Using à or para when giving (dar)

Apologies if this has already been answered on the forum. I have tried searching, and "A" or "para" with verbs of motion? does explain the difference between à and para with the logic being that longer-lasting motion requires para but shorter-duration motion can make do with à.

However, I’m struggling with two examples from the verb section for Dar:

  • tu dás a laranja à criança
  • eu dou as minhas roupas para caridade

Can anyone help me understand why it is à in the first example and para in the second? The logic about duration of a movement doesn’t seem to work here (I assume it isn’t much more time consuming to hand stuff over to a charity than it is to pass an orange to a kid). Is it because the clothing is in plural? Or because “charity” is a more vague term than “kid”?

@Tomas, the verb dar isn’t considered a verb of motion, so the comments on the other thread wouldn’t apply in this case.

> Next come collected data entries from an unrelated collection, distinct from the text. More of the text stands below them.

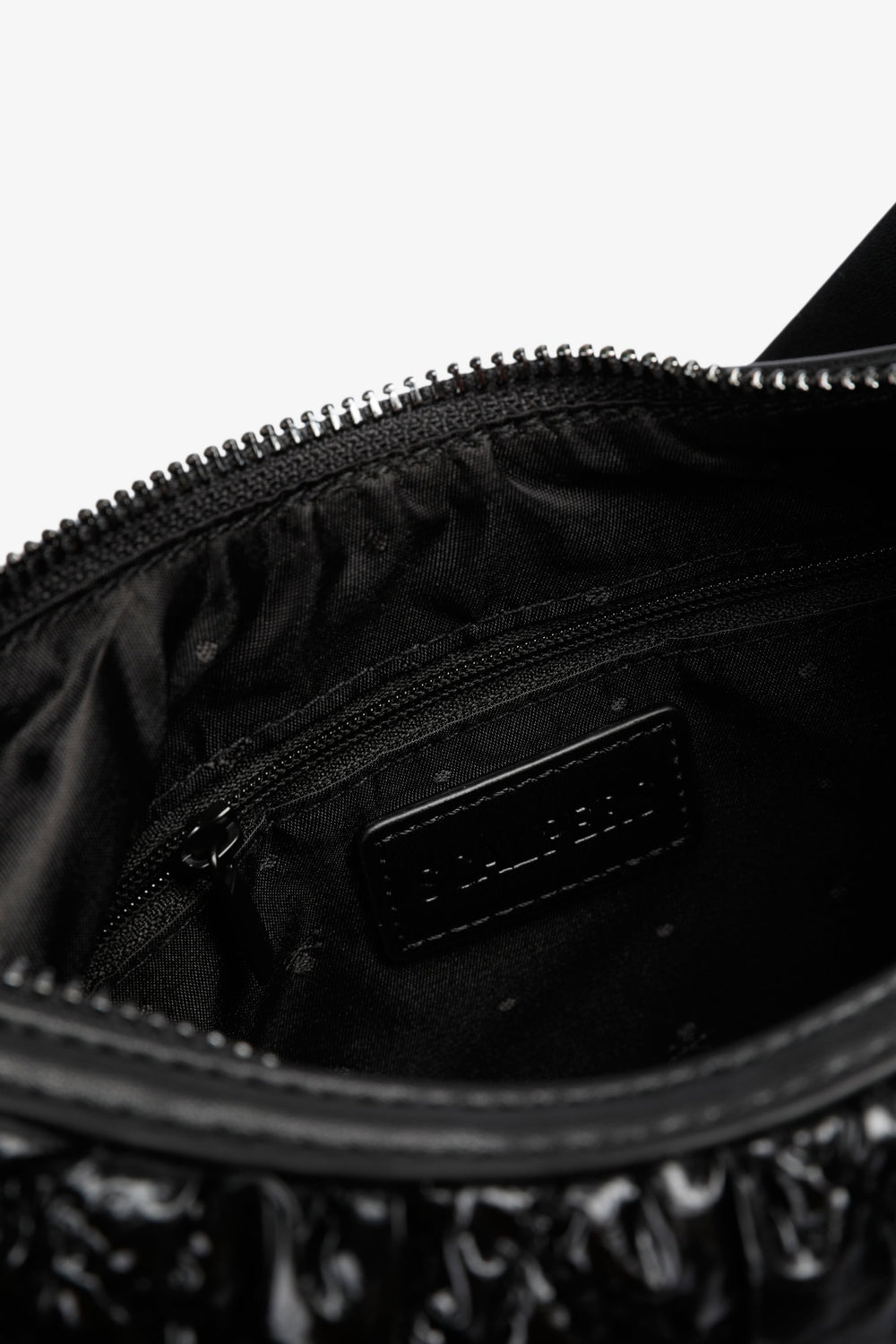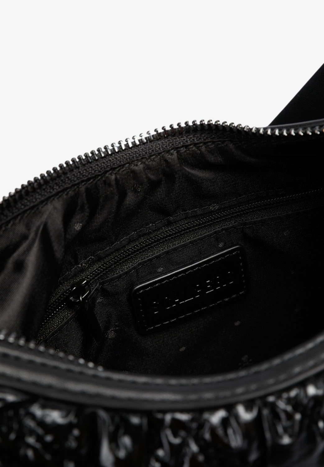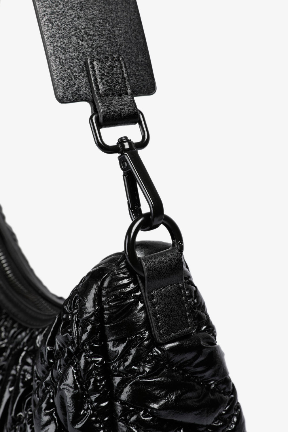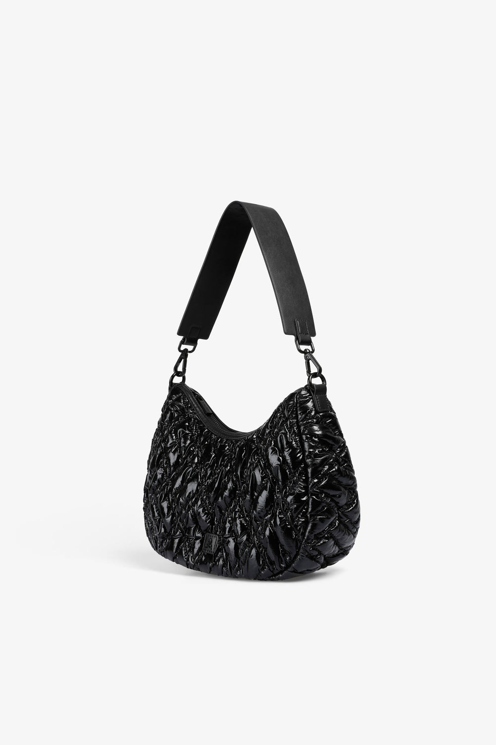 Quilted PU shoulder bag.  Inner lining with zip and zip fastening. Double handle, short and chain option. Logo patch detail on the front.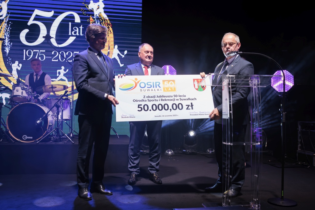 Jubileuszowa gala była okazją do podziękowania partnerom i zasłużonym pracownikom. Minister Sportu przyznał Odznaki „Za Zasługi dla Sportu” dwóm osobom: srebrną odznakę otrzymał Stanisław Skibicki, wieloletni instruktor modelarstwa, a brązową Kamil Klimek, twórca wielu wydarzeń sportowych w Suwałkach.W uroczystym podsumowaniu półwiecznej historii, Prezydent Renkiewicz życzył OSiR-owi stabilnego rozwoju i dbałości o istniejącą bazę sportowo – rekreacyjną.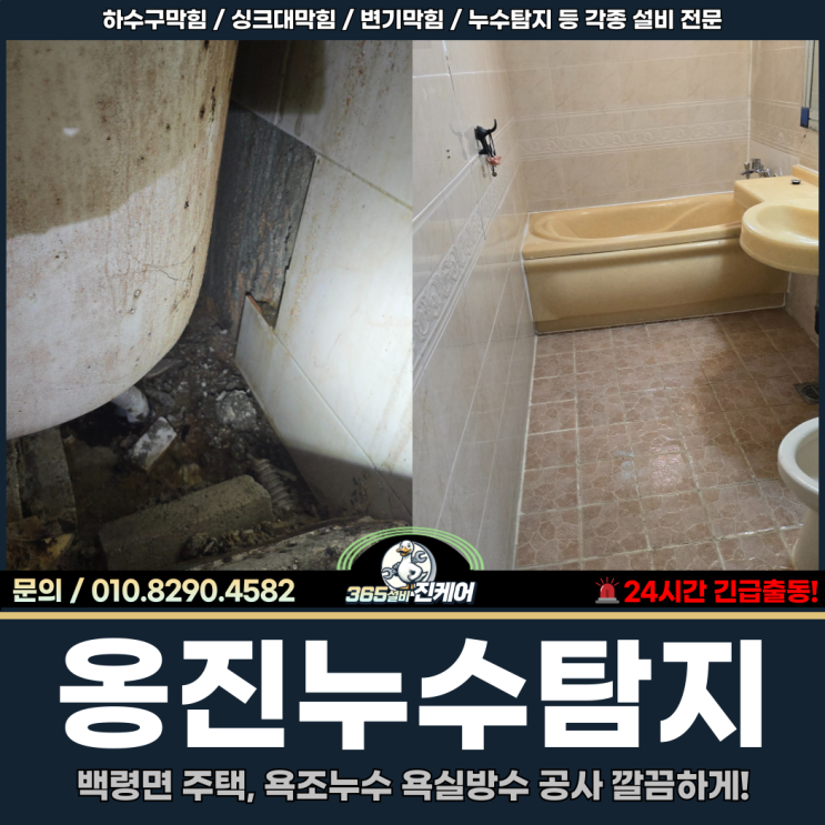 안녕하세요. 옹진누수탐지 업체 365설비진케어 인사드립니다. 요즘처럼 장마철이 되면 배관으로 물이 끊임...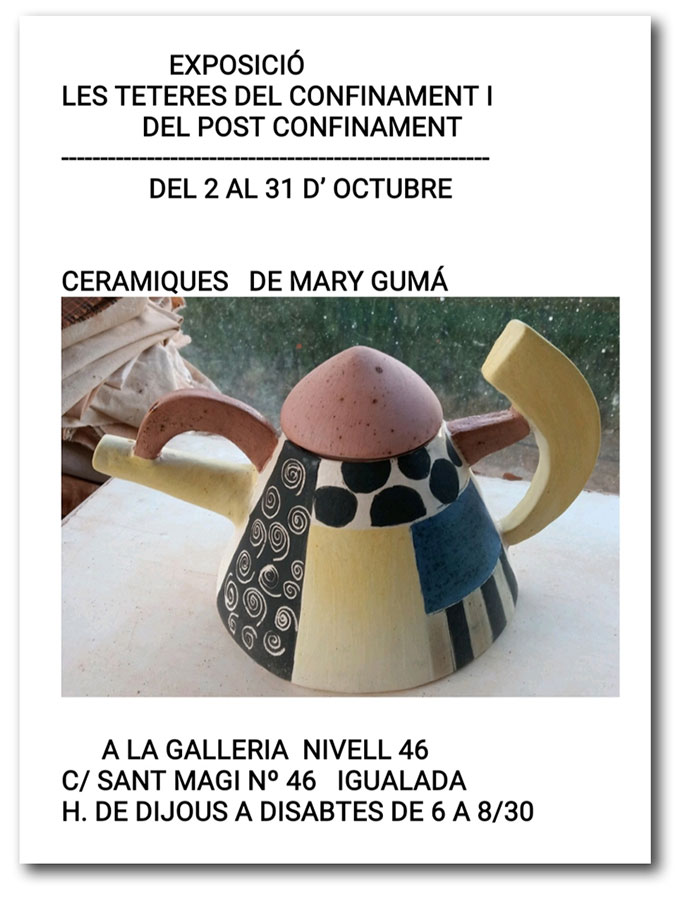 Del 2 al 31 de octubre se podrá visitar en la Galería Nivell 46, de Igualada, Barcelona, la exposición titulada “Les teteres del confinament i el post confinament”, de Mary Guma

In European Portuguese, when we’re referring to giving something to someone/something else, we use “dar a” by default. In cases like “dar para caridade”, what I personally understand is that we’re not focusing on who/what we’re giving it to specifically, but on the purpose we’re giving it for. The distinction is more obvious if we compare the following two phrases:

  • Dar para caridade → give to charity (describing the general purpose of helping someone)
  • Dar a uma instituição de caridade → give to a charity (describing giving something to a specific institution)

Note: In Brazilian Portuguese, “dar para” is the norm in all cases.


That makes sense, and I can see that they are actually two different concepts. Giving to vs giving towards (I just made that up, but it might help me remember the shorter a for to vs the longer para for towards). Muito obrigado @Joseph for taking the time to explain.